Mr. Parmentel reports this judgment: “‘He’s such a nice guy that you can almost forgive him his shallowness,’ said Kempton.” That citation is offered not certainly with pride nor as a definition, but only to suggest how oblique the subject is. For it is as well to say that Congressman Lindsay is so complex that one can almost forgive him for being so nice.

The Young Man from the provinces “may be of good family but he must be poor.” Mr. Lindsay’s true family is that of the Whig resistance, certainly good and certainly poor these days. He has very little notable politics that were not destroyed in the eighteenth century. Mr. Button too much exaggerates his position in Congress as Mr. Parmentel too much deprecates it; given his temperament and interests it is unlikely that Mr. Lindsay could ever be an important Congressman except in the aesthetic sense. Mr. Button recites the interests in the admiring detail they deserve: Mr. Lindsay’s solitary vote against a bill which would force any citizen to prove that the material he was mailing was not obscene; his denunciation of the loyalty oath requirement for student applicants for National Defense Education Act loans; his leadership in defeating the late Congressman Walter’s “industrial security, anti-subversive” bill.

“As a Republican,” Mr. Lindsay said once, “I see my task in Congress as that of redefining the role of the individual in our half-garrison, part-welfare state.” That is a stranger’s role, and one which has earned Mr. Lindsay less enthusiasm from progressive opinion than one would ordinarily expect. The reason must be that progressive opinion is not conditioned to trust persons who distrust the state. It cannot be suggested, from the broad course of history, that liberal Democrats have cared much more for the privacy of the person than conservative Republicans have. The incapacity of the Congress truly to resist the President is, in fact, to a considerable degree the work of liberal Democrats. New York has not lately endured a governor with a larger weakness for authoritarian legislation than Averell Harriman had. And more than his share of government’s excesses as policeman and investigator belonged to President Truman, who still gets high marks because he was so direct in his distaste for Senator McCarthy and for Chairman Thomas of the House Committee on Un-American Activities. But the point may have been no more than that McCarthy and the HUAC sinned for Mr. Truman most of all because they were demonstrations by distortion of all that remained of the impulse of the Commons to harry the Crown.
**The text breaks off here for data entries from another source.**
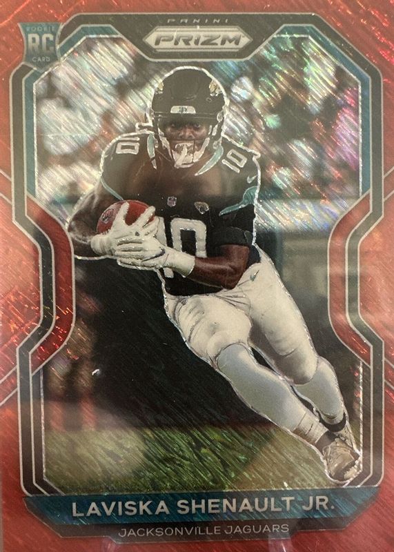 The Laviska Shenault Jr. 2020 Prizm #350 FOTL Red Shimmer /35 Rookie card in Raw condition has not changed in price in the last 30 days and was last sold for $0.99 .
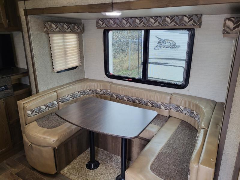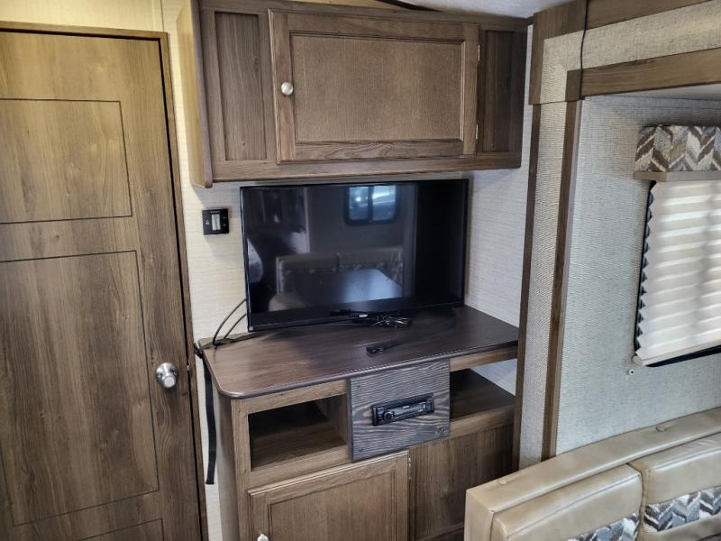A slide out u-shaped dinette provides plenty of seating and extra space inside. And you can easily enjoy the TV located nearby.
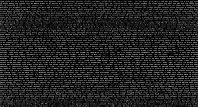 Wen New Atelierによる《Data Waves in the Rising Sun》は、ヴァージニア・ウルフの小説『波』(The Waves)のテキストをコードで解体・再構築し続ける作品。プログラムは原文から数万字に及ぶ単語をランダムに抽出・増幅し再配置し続ける。生成テキストは約0.2秒ごとに更新され、観者は読む暇もなく変化し続ける文字列の中で単語の残像しか捉えられない。絶え間なく流れ続ける言葉はデジタルの波となり、限られた文章から無限にも思える語の組み合わせを生み出すことで詩的創作へと昇華している。文章生成のプロセスを凝縮し、「文学とは何か」という問いに対する現代的な解答を提示する作品である。
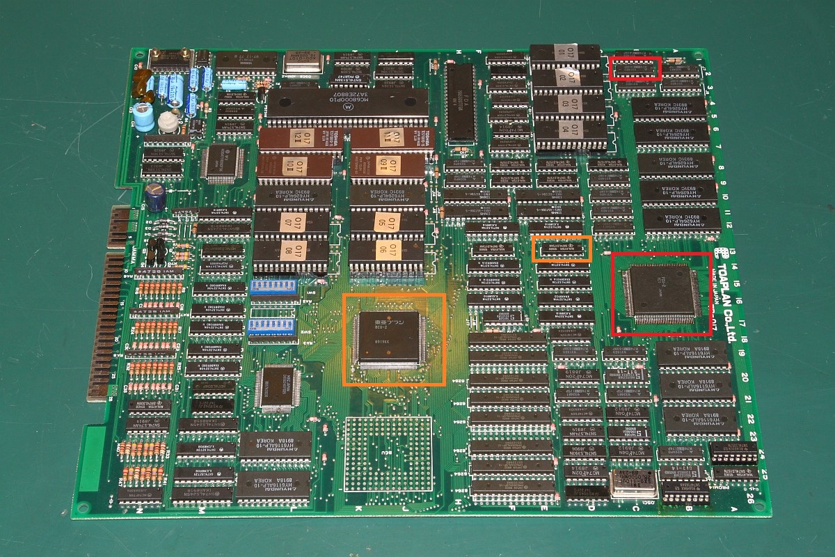 {Fehlerbeschreibung} Grafikfehler auf einer Fire Shark Platine: die Sprites sind nur zu 50% vorhanden, jede zweite Zeile fehlt. Besonders deutlich im Detail zu sehen: es sind nur die Sprites betroffen, Tiles (Text und Hintergrund) sind in Ordnung. {Analyse} An der Platine ist vom Vorbesitzer schon viel rumgebastelt worden, allerdings sehr professionell. Drei TTLs wurden getauscht, die Custom Chips sauber nachgelötet. Auf vielen Bausteinen finden sich Lotreste, da hat wohl wer schon Messtrippen angelötet... Ein erster Verdacht auf eine Lötbrücke erwies sich als unbegründet: hier ist tatsächlich eine Leiterbahn zwischen den Kontakten. {Analyse Teil 2} Also bleibt nur noch das Oszi, um Probleme bei den Signalen festzustellen. In der folgenden Übersicht habe ich mal die für die Spriteerzeugung wichtigen Bereiche markiert. Hellblau sind die Sprite-ROMs, hier sind die Grafikdaten abgelegt. Die Sprites werden alternierend Zeile für Zeile in zwei schnelle RAMs geschrieben. Rosa ist für die ungeraden Zeilen zuständig, hellviolett für die geraden Zeilen. Der rosa Bereich funktioniert nicht richtig, daher fehlt jede zweite Zeile. Gelb markiert sind die Reparaturen vom Vorbesitzer. Der rote Kasten bei den GFX-ROMs ist ein voreinstellbarer Zähler, der die Spritedaten auszählt, eine der Adressleitungen (A7) ist unsauber und könnte auch schon Probleme machen (siehe Bilder). Der zweite rote Kasten in der Sprite-Daten-Pipeline markiert einen 8fach FlipFlop, der die Sprite-Daten Byteweise zwischenspeichert... da sind die Datenpegel korrupt. Schön, dss man hier zwei identische Systeme zum Vergleich hat. Das erleichtert die Fehlersuche, auch wenn es keinen Schaltplan gibt. {Analyse Teil 3} Nun ist es soweit: der Fehler will nicht von mir gefunden werden! Nachdem ich probeweise die Sprite-EPROMs entfernt habe, waren die Sprites auf dem Bildschirm nicht wie erwartet solide Farbblöcke sondern ebenfalls gestreifte Farbblöcke. Also liegt der Fehler nicht im Auslesen der Sprite-Daten, sondern in der Weiterverarbeitung. Ein Austausch des defekten 74ALS163 (4 Bit Zähler zur Sprite-Datenadressierung, kleiner roter Kasten) hat zwar das Signal verbessert, aber sonst keinen Effekt gezeigt. Ein Austausch des Vierfach-Latches 74LS173 (kleiner oranger Kasten) zeigte ebenfalls keine Wirkung. Am Sprite Generator Custom (FCU-2, großer roter Kasten) war ein Datenpin nicht richtig verlötet, das hat man über das Oszi erkennen können. Die Reparatur machte die Farben schöner, aber die Streifen blieben. Ein Triggern auf den 15kHz Zeilenwechsel sollte eigentlich zeigen, welche Daten in jedem zweiten Zyklus fehlen, hat es aber nicht. Alle Daten wirken einwandfrei, bis sie im Tilegenerator-Custom BCU-3 (großer oranger Kasten) verschwinden. Nun weiß auch ich nicht mehr weiter. Nach geschätzten 6-7 Stunden Gesamtarbeitszeit erkläre ich den Patienten für nicht heilbar. :-( |

It is argued that Congressman Lindsay has said very little that is novel or useful about urban government. One has to concede that, by temperament and interest, he has hardly tried to qualify for this discourse; his mind tends more to the broad than to the particular. His largest disappointment in Congress is that, for want of being clubable, he has continually been passed over for the House Committee on Foreign Relations; his special pride as a legislator is in his position as chairman of the NATO parliamentarians’ conference, whose empty ceremonies are truly noted by Mr. Button in a tone of high seriousness and self-consciousness appropriate to a prize boy’s letters home from his post-graduate tour.

His three terms in Congress have fixed him more and more to the liberal economic orthodoxies; even before his present compulsion to satisfy the mass Democratic vote in New York, he could be counted as a Johnson Republican, safe on such issues as medicare, the minimum wage, and federal aid to education. He seems, however, to have been largely content to follow roads laid down for him by the Democrats, which would indicate that these are areas with small claim upon his sense of adventure.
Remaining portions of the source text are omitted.